A New Approach of Predicting Facial Changes following Orthognathic Surgery using Realistic Lip Sliding Effect.

Med Image Comput Comput Assist Interv 2019 Oct 10;11768:336-344. Epub 2019 Oct 10.

Department of Oral and Maxillofacial Surgery, Houston Methodist Research Institute, TX, USA.

Accurate prediction of facial soft-tissue changes following orthognathic surgery is crucial for improving surgical outcome. However, the accuracy of current prediction methods still requires further improvement in clinically critical regions, especially the lips. We develop a novel incremental simulation approach using finite element method (FEM) with realistic lip sliding effect to improve the prediction accuracy in the area around the lips.
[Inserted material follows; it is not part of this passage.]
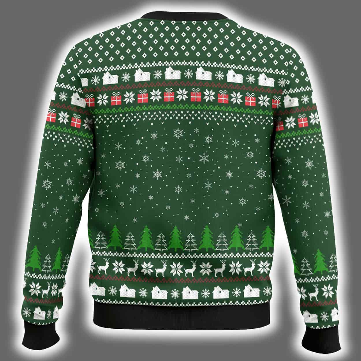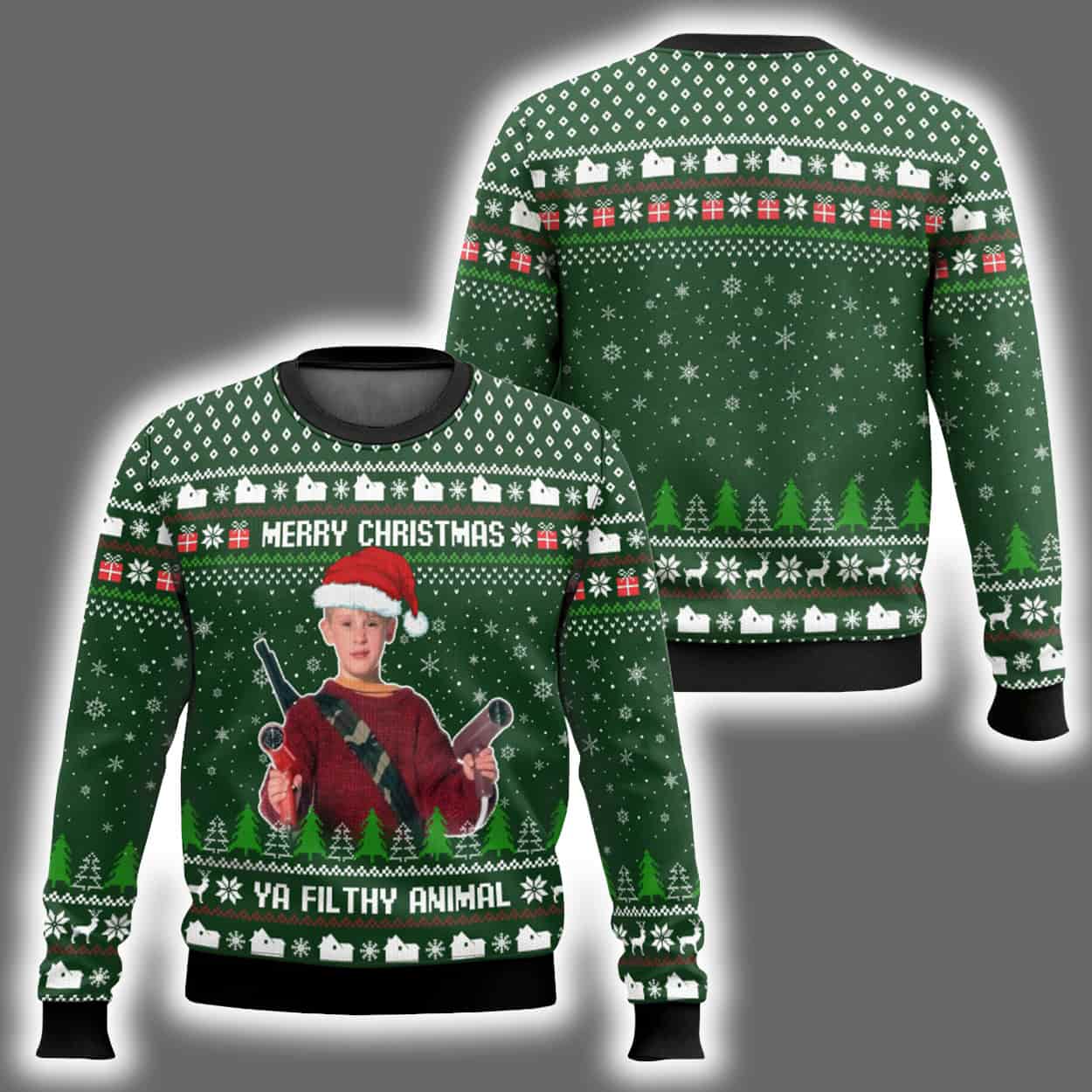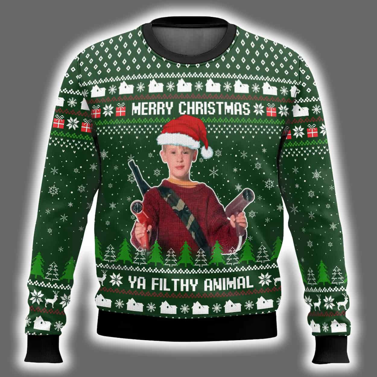 Deck the halls with laughter and nostalgia! This vibrant green sweater is a riot of classic holiday motifs—snowflakes, reindeer, and Christmas trees—wrapped around a cheeky centerpiece: Kevin McCallister in a Santa hat, wielding toy guns with fearless flair. Above him, the bold greeting “MERRY CHRISTMAS” sets the tone, while the unforgettable line “YA FILTHY ANIMAL” below seals the deal. It’s a wearable tribute to one of the most iconic moments from Home Alone, guaranteed to spark smiles and conversations at every holiday gathering.

First, lip-detailed patient-specific FE mesh is generated based on accurately digitized lip surface landmarks. Second, an improved facial soft-tissue change simulation method is developed by applying a lip sliding effect in addition to the mucosa sliding effect. The soft-tissue change is then simulated incrementally to facilitate a natural transition of the facial change and improve the effectiveness of the sliding effects. A preliminary evaluation of prediction accuracy was conducted using retrospective clinical data. The results showed that there was a significant prediction accuracy improvement in the lip region when the realistic lip sliding effect was applied along with the mucosa sliding effect.